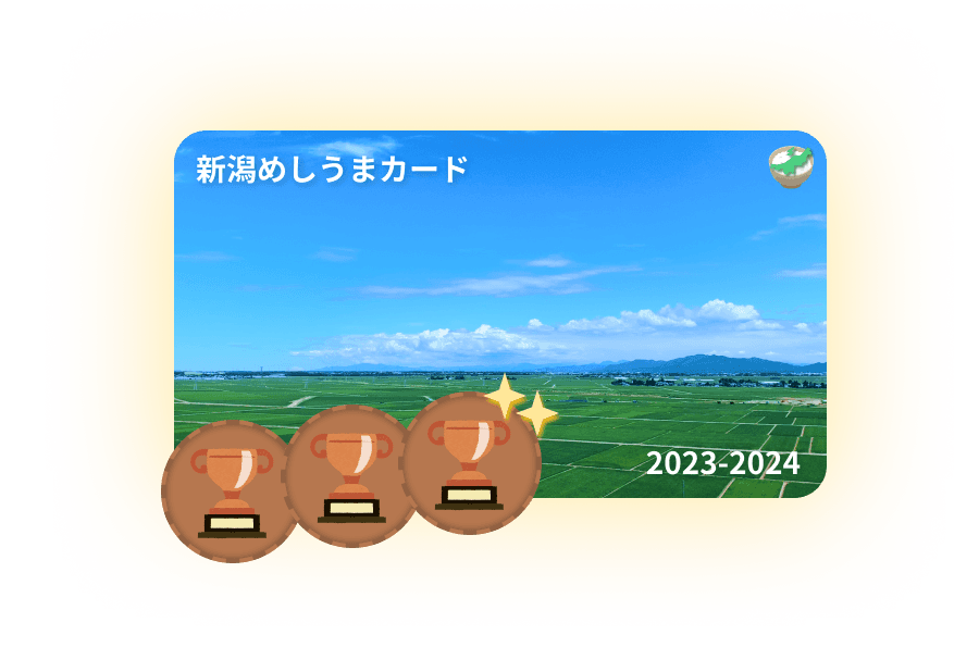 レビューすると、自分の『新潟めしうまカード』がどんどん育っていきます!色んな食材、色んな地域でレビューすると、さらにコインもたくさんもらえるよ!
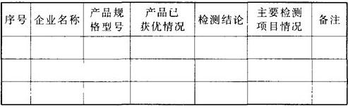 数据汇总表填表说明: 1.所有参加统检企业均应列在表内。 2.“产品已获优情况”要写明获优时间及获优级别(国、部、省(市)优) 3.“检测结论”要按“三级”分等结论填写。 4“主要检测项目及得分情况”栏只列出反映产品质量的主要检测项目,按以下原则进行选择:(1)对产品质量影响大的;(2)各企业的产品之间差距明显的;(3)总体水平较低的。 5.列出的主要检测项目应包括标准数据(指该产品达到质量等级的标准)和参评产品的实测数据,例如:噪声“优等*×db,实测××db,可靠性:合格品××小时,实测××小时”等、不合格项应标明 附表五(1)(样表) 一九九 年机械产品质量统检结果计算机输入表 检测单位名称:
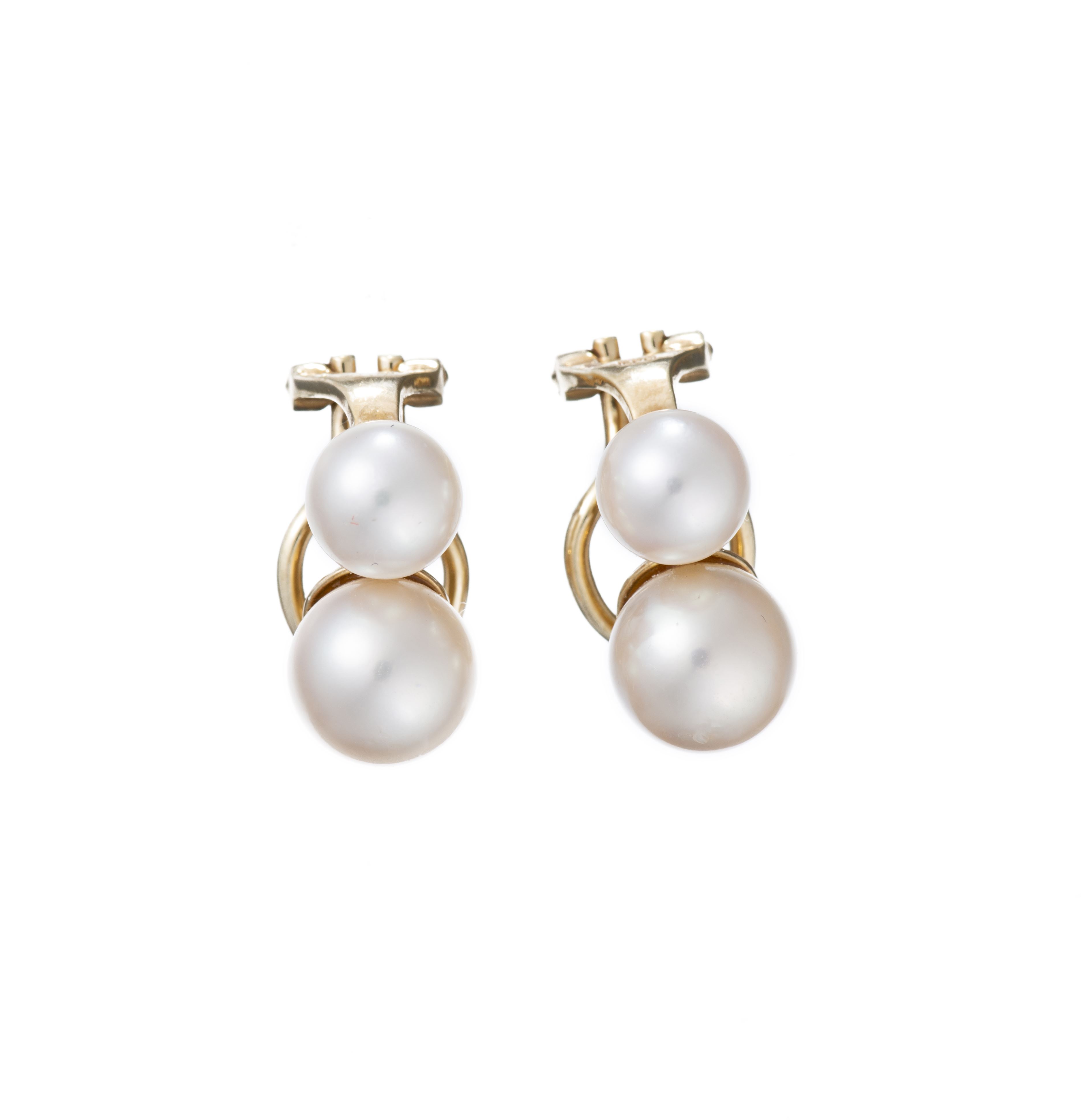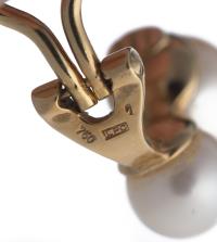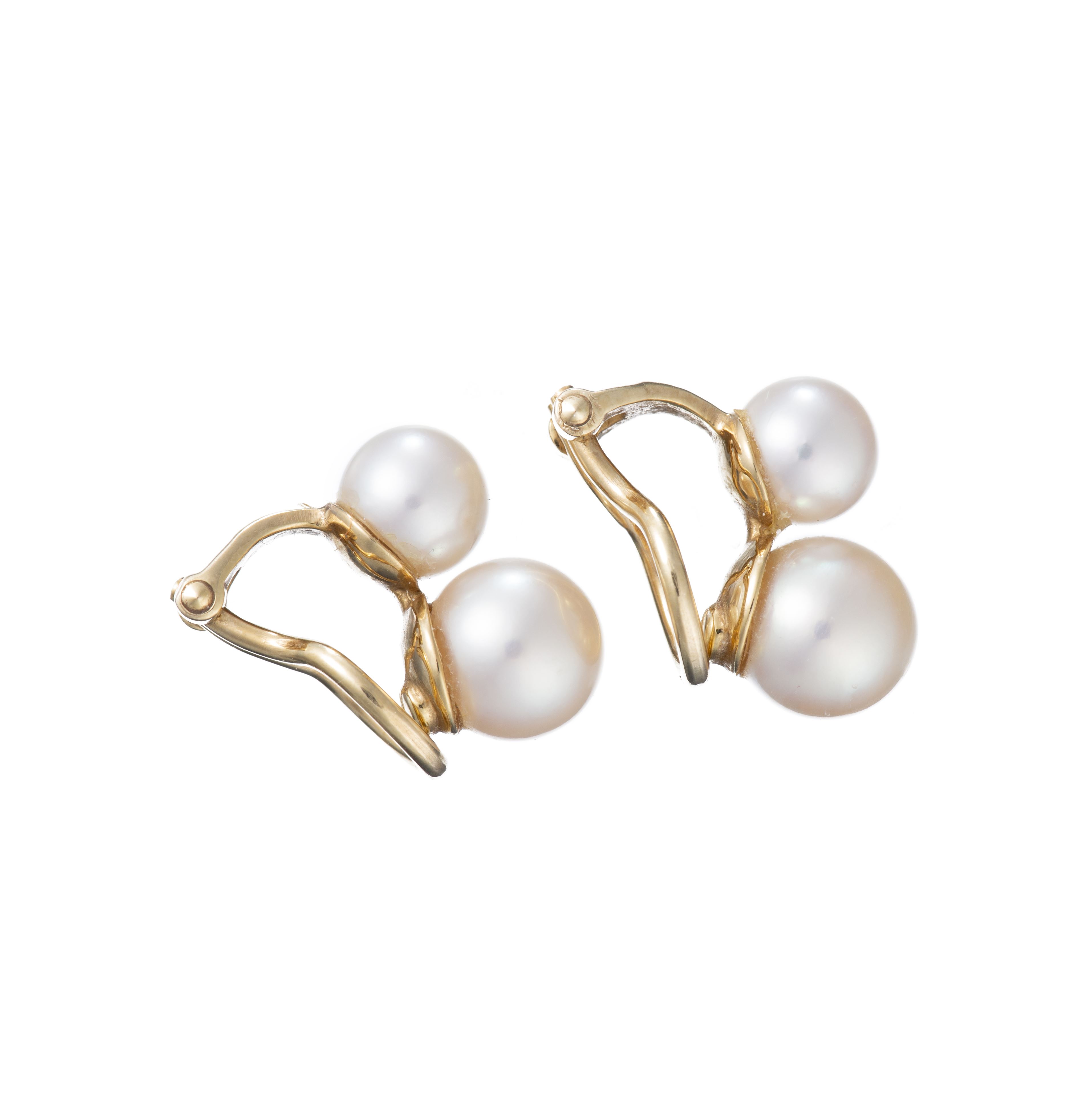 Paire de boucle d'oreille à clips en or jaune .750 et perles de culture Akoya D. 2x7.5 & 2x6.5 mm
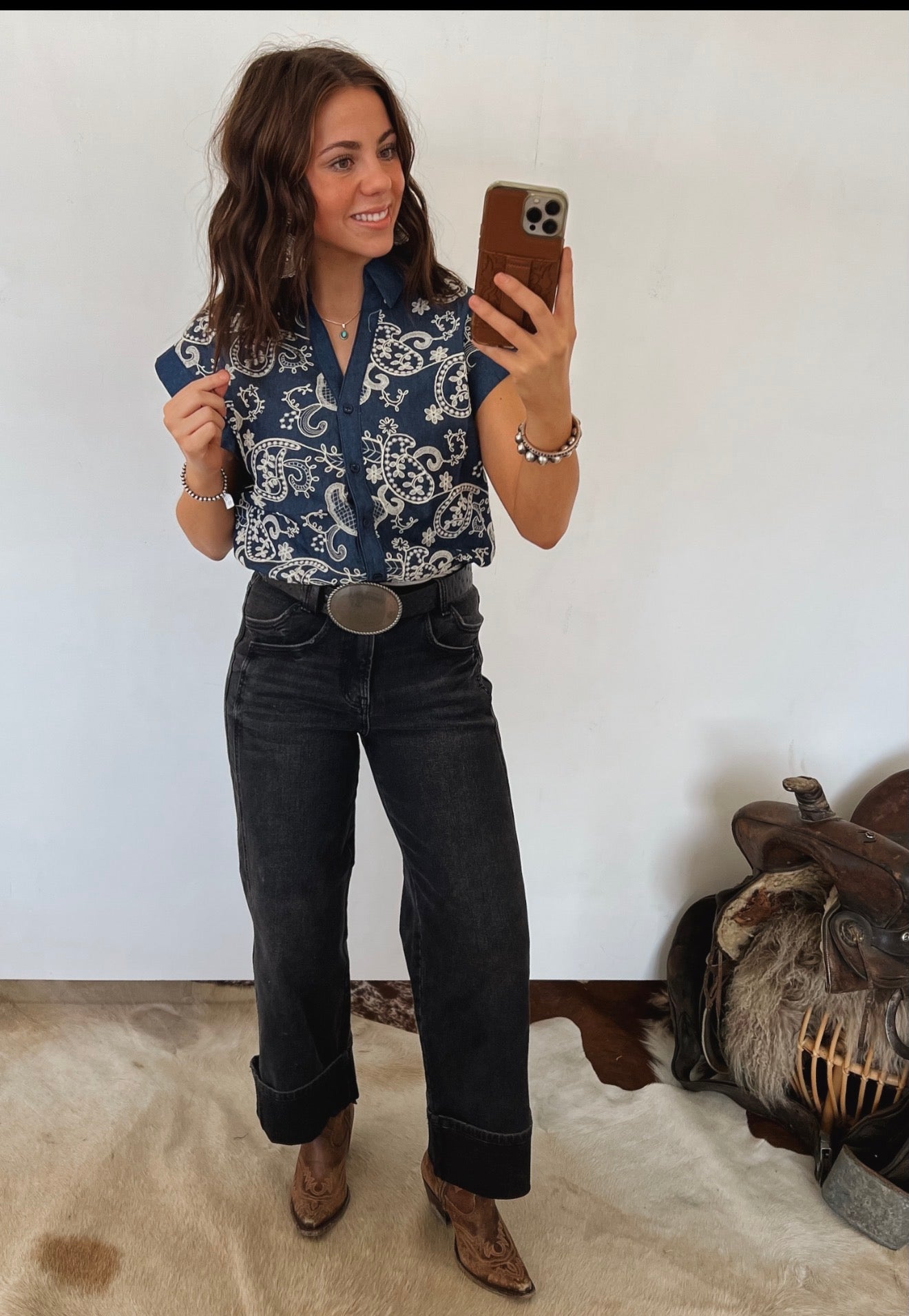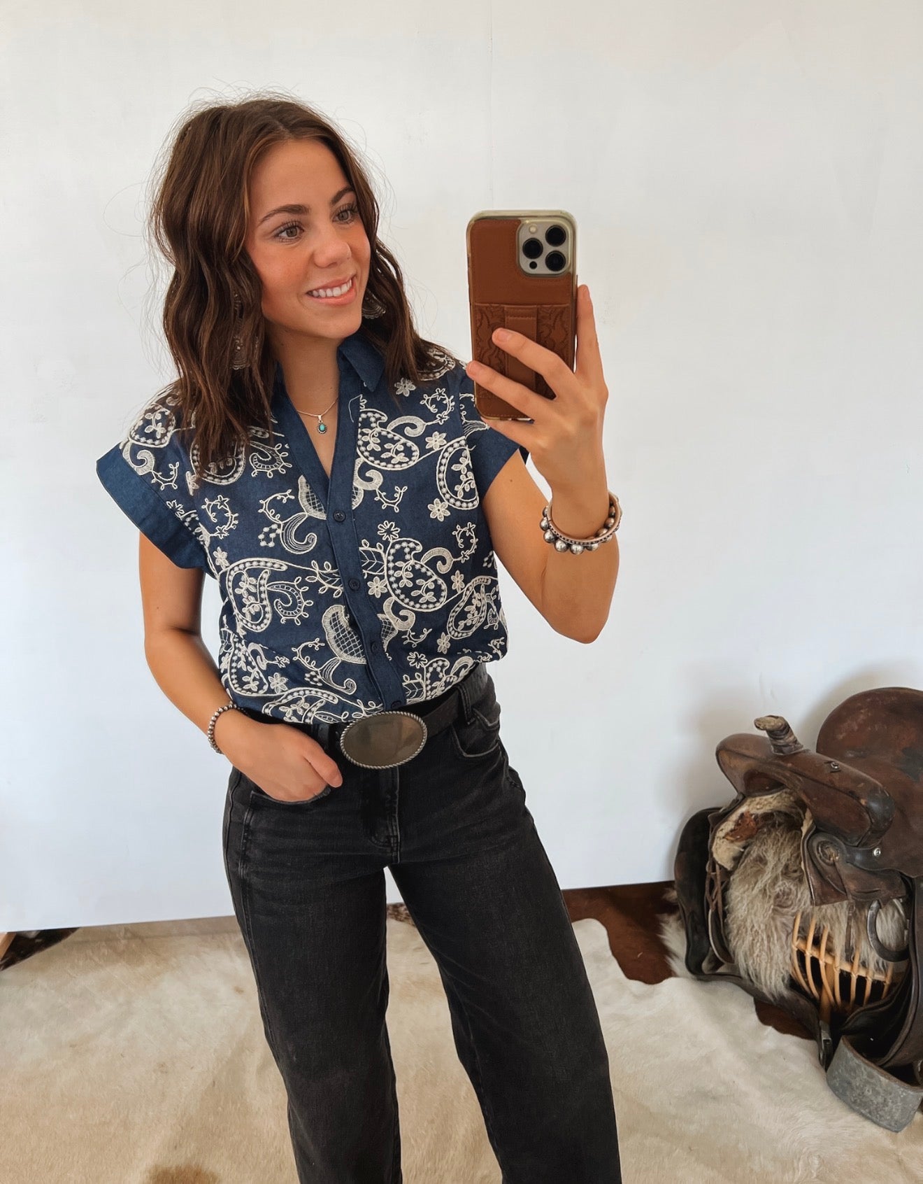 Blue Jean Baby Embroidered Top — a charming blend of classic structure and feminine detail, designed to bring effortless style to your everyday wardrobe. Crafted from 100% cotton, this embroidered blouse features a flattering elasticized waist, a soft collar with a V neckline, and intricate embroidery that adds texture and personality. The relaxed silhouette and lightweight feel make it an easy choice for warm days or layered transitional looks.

## Task details
Everything from the line holding "附表五(1)(样表) 一九九 年机械产品质量统检结果计算机输入表" through the last line of the listing should be written out exactly, except for the pictures.

## Written response
 数据汇总表填表说明: 1.所有参加统检企业均应列在表内。 2.“产品已获优情况”要写明获优时间及获优级别(国、部、省(市)优) 3.“检测结论”要按“三级”分等结论填写。 4“主要检测项目及得分情况”栏只列出反映产品质量的主要检测项目,按以下原则进行选择:(1)对产品质量影响大的;(2)各企业的产品之间差距明显的;(3)总体水平较低的。 5.列出的主要检测项目应包括标准数据(指该产品达到质量等级的标准)和参评产品的实测数据,例如:噪声“优等*×db,实测××db,可靠性:合格品××小时,实测××小时”等、不合格项应标明 附表五(1)(样表) 一九九 年机械产品质量统检结果计算机输入表 检测单位名称:
 Paire de boucle d'oreille à clips en or jaune .750 et perles de culture Akoya D. 2x7.5 & 2x6.5 mm
 Blue Jean Baby Embroidered Top — a charming blend of classic structure and feminine detail, designed to bring effortless style to your everyday wardrobe. Crafted from 100% cotton, this embroidered blouse features a flattering elasticized waist, a soft collar with a V neckline, and intricate embroidery that adds texture and personality. The relaxed silhouette and lightweight feel make it an easy choice for warm days or layered transitional looks.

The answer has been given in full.